> _Problem details_:
Read through the listing and copy every line that contains the word "sont".
*** Data excerpts ***
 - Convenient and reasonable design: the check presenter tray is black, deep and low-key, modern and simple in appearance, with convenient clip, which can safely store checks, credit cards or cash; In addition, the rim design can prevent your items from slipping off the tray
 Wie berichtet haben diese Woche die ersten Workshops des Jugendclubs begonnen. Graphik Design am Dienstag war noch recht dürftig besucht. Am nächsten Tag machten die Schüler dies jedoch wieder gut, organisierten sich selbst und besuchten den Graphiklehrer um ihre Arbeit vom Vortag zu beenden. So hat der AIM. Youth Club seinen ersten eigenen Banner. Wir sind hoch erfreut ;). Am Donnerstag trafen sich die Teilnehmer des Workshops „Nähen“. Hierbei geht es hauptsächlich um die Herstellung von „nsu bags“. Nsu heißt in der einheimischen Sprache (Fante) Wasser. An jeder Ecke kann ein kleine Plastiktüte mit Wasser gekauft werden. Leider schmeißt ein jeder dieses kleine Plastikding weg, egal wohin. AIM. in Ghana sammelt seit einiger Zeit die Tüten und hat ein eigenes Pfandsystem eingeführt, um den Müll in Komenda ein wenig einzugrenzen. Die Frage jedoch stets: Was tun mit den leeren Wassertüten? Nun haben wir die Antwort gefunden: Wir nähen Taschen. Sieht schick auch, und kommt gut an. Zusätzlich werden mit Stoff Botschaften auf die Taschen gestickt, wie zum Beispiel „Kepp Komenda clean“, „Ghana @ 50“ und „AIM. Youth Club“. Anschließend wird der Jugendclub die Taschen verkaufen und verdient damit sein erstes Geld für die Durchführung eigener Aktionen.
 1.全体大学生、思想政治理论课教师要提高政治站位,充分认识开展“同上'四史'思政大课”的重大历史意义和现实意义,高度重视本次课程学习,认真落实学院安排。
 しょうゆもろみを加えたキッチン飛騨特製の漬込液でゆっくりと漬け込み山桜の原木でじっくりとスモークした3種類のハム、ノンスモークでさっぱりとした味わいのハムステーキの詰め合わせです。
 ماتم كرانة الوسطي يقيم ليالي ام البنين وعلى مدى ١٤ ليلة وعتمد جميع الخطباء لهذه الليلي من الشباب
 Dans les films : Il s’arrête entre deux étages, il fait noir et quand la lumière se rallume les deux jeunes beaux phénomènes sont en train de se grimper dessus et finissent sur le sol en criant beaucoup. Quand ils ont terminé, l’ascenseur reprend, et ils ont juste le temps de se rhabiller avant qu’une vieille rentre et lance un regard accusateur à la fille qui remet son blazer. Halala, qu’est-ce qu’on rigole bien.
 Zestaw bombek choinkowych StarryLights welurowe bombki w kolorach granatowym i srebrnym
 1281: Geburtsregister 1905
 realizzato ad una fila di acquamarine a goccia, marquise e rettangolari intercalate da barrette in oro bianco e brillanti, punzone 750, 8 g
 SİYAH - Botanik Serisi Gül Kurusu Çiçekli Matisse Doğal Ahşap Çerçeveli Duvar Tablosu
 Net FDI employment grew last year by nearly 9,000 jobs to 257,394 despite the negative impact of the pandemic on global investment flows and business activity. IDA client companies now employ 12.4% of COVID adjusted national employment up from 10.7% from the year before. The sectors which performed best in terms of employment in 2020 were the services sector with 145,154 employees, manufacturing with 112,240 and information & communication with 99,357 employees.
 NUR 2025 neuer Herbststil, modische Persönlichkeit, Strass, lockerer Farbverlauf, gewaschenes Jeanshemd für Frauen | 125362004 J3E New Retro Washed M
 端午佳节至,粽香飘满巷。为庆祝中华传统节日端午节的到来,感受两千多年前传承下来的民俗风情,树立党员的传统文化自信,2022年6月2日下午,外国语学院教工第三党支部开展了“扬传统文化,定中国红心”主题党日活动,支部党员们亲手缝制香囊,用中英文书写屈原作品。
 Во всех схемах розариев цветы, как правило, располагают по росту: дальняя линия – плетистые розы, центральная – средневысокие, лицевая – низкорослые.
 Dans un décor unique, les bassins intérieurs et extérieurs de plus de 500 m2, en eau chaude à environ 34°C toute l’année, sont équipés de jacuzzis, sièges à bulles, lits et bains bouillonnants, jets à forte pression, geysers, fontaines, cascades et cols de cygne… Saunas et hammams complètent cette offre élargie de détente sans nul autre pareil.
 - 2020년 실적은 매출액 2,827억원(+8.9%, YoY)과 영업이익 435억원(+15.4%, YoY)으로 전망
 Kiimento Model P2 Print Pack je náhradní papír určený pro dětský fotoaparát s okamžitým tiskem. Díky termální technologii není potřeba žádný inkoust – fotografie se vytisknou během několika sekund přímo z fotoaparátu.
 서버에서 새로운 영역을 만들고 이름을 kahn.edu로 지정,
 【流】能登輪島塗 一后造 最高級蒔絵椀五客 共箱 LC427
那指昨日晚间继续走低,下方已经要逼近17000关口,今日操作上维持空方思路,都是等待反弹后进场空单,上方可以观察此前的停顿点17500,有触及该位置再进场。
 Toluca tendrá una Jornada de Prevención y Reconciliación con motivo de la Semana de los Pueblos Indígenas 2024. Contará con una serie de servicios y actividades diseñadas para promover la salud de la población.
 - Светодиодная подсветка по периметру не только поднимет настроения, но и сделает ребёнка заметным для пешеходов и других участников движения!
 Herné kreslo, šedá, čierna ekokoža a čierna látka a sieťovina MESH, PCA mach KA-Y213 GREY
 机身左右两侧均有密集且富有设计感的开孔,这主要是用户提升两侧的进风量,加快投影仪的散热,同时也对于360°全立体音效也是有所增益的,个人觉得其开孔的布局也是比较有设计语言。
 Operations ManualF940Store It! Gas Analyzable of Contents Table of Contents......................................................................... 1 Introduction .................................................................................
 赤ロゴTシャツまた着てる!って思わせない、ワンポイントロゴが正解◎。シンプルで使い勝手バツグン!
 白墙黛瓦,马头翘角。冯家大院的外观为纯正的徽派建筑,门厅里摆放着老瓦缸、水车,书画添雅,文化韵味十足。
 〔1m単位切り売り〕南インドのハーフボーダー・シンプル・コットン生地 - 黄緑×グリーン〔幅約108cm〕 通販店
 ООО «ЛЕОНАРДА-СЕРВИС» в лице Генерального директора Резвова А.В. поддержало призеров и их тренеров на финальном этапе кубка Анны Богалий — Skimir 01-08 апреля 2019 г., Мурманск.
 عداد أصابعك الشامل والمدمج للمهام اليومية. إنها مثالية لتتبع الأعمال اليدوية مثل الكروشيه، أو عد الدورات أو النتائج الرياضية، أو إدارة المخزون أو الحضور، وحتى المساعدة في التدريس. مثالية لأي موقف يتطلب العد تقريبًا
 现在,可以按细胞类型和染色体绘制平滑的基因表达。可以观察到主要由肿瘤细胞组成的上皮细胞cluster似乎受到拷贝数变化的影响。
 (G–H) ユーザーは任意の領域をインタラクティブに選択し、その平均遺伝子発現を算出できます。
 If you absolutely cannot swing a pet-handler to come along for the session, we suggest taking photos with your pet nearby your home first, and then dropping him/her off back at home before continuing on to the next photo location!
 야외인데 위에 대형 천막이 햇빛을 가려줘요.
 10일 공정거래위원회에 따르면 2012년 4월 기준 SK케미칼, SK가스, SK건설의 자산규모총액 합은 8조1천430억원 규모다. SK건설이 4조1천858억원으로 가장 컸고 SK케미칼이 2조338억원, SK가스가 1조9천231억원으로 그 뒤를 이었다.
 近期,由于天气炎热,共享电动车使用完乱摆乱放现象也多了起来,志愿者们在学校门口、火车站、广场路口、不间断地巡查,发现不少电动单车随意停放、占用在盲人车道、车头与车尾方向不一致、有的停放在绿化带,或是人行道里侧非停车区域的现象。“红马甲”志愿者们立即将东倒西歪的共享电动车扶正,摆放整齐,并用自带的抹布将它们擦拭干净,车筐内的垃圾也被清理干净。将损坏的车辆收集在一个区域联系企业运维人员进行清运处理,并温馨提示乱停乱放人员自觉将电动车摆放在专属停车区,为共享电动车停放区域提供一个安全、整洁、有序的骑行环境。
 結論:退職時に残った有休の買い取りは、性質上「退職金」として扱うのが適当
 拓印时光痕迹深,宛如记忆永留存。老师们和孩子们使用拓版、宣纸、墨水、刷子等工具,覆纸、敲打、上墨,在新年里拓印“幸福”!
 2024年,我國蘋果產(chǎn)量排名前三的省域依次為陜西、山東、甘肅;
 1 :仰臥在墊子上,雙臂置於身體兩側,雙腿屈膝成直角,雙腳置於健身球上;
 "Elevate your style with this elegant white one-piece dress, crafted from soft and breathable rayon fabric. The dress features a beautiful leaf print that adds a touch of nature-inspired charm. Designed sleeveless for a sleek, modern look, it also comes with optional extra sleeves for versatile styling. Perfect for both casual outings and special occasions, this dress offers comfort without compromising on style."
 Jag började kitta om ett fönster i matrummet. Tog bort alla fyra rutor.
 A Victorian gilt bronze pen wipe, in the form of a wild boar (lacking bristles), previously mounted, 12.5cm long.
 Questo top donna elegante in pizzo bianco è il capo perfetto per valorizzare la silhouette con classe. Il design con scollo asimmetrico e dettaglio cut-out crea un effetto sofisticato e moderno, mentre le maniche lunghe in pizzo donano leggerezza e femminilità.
***
> _Completed exercise_:
 Dans les films : Il s’arrête entre deux étages, il fait noir et quand la lumière se rallume les deux jeunes beaux phénomènes sont en train de se grimper dessus et finissent sur le sol en criant beaucoup. Quand ils ont terminé, l’ascenseur reprend, et ils ont juste le temps de se rhabiller avant qu’une vieille rentre et lance un regard accusateur à la fille qui remet son blazer. Halala, qu’est-ce qu’on rigole bien.
 Dans un décor unique, les bassins intérieurs et extérieurs de plus de 500 m2, en eau chaude à environ 34°C toute l’année, sont équipés de jacuzzis, sièges à bulles, lits et bains bouillonnants, jets à forte pression, geysers, fontaines, cascades et cols de cygne… Saunas et hammams complètent cette offre élargie de détente sans nul autre pareil.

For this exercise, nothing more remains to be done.